Мертвые души | Театр | Time Out

Мертвые души

О спектаклеМатериалы
Мертвые души

О спектакле

Галопад в двух действиях. Владимир Иванов, режиссер: «Первоначально наш спектакль назывался “Галопад”, но мы остановились на более традиционном “Мертвые души”. Галопад – особая пляска, в которой кавалер с дамой, обняв друг друга, скачут оба вместе. В этой фразе, в этом определении смысл и квинтэссенция идеи нашего спектакля, который станет гимном актерству, Театру. Это главное, так как Гоголь бездонен, это невероятный автор, и мы понимаем, что можем показать только одну его сторону».

«Мертвые души»: маска Гоголя и фантасмагория на двоих

Автор: Нелли Когут

Новая постановка в Театре Вахтангова в режиссуре Владимира Иванова и в оформлении Максима Обрезкова сразу поражает своей визуальной безупречностью. При том, что на сцене задействованы всего два актера — Мария Аронова и Владислав Гандрабура, мощь визуальной картинки не подавляет артистов, а существует с ними на равных.

Фантастические, таинственно-мрачные истории Гоголя как нельзя лучше подходят для театра, где прямой контакт со зрителем позволяет творить настоящую магию.
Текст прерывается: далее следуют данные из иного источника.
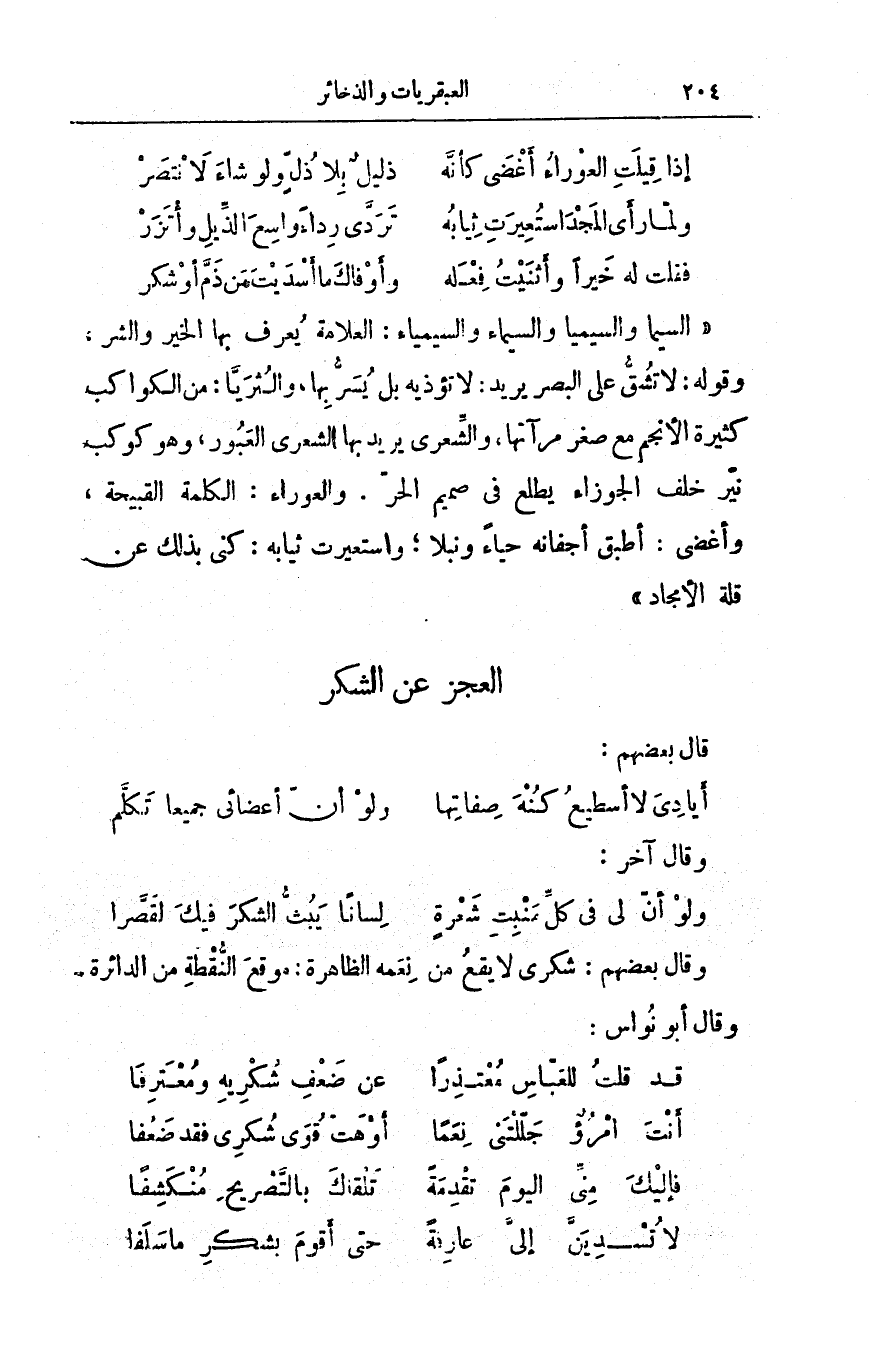 وقال بعضهم: شكري لا يقعُ من نِعَمه الظاهرة: موقعَ النُّقْطةِ من الدائرة. وقال أبو نُواس:

Вот и «Мертвые души» завораживают рассыпанным с помощью световых эффектов по всему пространству сцены рукописным текстом, огоньками масляных ламп, куклами, элементами теневого театра и прочими постановочными прелестями. Однако, прежде всего, немыслимыми чудесами актерского перевоплощения: за три часа действия Аронова и Гандрабура сменяют больше десятка образов, играют попеременно Чичикова, Собакевича, Ноздрева, Манилова, Плюшкина, Коробочку, родителей Чичикова, начальство, сослуживцев и даже сплетничающих светских дам — «приятную во всех отношениях даму» и «просто приятную даму».

Сюрреалистический стиль постановки, парадоксальное сочетание форм, смешение реальности и иллюзии обнажает гофманианскую грань в творчестве Гоголя. Немецкий писатель-романтик Эрнест Теодор Амадей Гофман, кажется, повлиял даже на то, как создатели обозначили жанр спектакля — галопад. То есть парный танец с резкими движениями — большая скорость, так, что захватывает дух, головокружение и полная потеря ощущения реальности. Феерия, одним словом.
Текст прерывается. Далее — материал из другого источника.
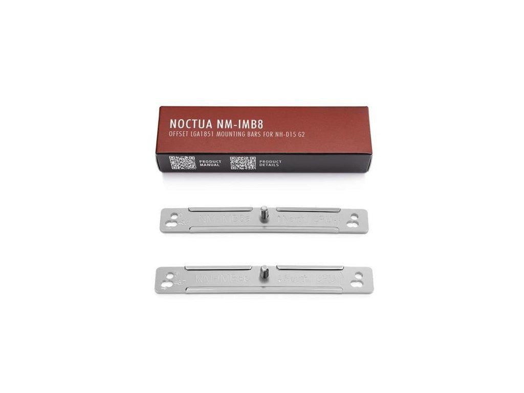 NM-IMB8 sú ofsetové montážne lišty LGA1851 pre NH-D15 G2. Posunutím chladiča o 3,7 mm smerom na sever a 2 mm smerom na východ od pätice sa zvýši tlak priamo nad horúcim bodom procesorov Intel® 24- alebo 20-jadrových procesorov LGA1851, ako sú Core® Ultra 9 285K alebo Core Ultra 7 265K.Tento vylepšený kontakt presne v mieste najvyššej teploty procesora môže znížiť teplotu procesora až o 3 °C s chladičmi HBC a až o 1 °C so štandardnou verziou (stredná konvexita základne) modelu NH-D15 G2. Keďže štandardná verzia má zvyčajne o 2 °C lepší výkon ako verzia HBC, ak sa obe používajú bez posunu, prvá verzia zostáva odporúčanou voľbou pre LGA1851, pretože dosahuje celkovo najlepšie teploty, a to aj s montážnymi lištami s posunom, aj bez nich.

Перевернута с ног на голову и хронология «Мертвых душ»: первый акт спектакля — это последняя глава, где рассказывается о детстве и первых карьерных шагах Чичикова. А уже во втором акте мы отправляемся вместе с Чичиковым в путешествие с целью скупки фиктивно числящихся крепостных. Чичиков здесь носит узнаваемую полумаску с вытянутым носом, усиками и черными волосами — у бывшего коллежского советника Павла Ивановича, выдающего себя за помещика, лицо самого Гоголя. Только веселость, искрящуюся в глазах, маске передать невозможно. Актеры, по очереди оживляя этот вроде бы всем знакомый слепок (маска, фрак брусничного цвета, белый жилет, черное жабо и укороченные брюки), представили его так, что воспринимается он как-то совсем иначе, по-новому. Эти мертвенные застывшие маски-лица, костюмы, которые вроде бы и напоминают реальную моду николаевской эпохи, но представлены как образы из подсознания, создают впечатление оторванности от бытовой повседневности. Гоголевская-гофманская стихия, как и любой карнавал, таит в себе что-то шаткое, нетрезвое, инфернальное.

Новая сценическая версия гоголевской поэмы, преподнесенная с этого ракурса, становится торжеством внешней характерности актера. Пустопорожник и бездеятельный мечтатель Манилов весь в белых розах, как бы намекающих на его «прекраснодушие»; грубый Собакевич с мохнатой взъерошенной головой огромен и все у него огромно — на его стул Чичиков забирается с трудом. Особенно в череде этих красочных и эффектных типов, фантастически исполненных Ароновой, запоминается Коробочка. С перьями на голове, на коротеньких ножках, живущая в сундуке, она напоминает не то курицу, не то карлика-злодея Цахеса — еще один «привет» Гофману.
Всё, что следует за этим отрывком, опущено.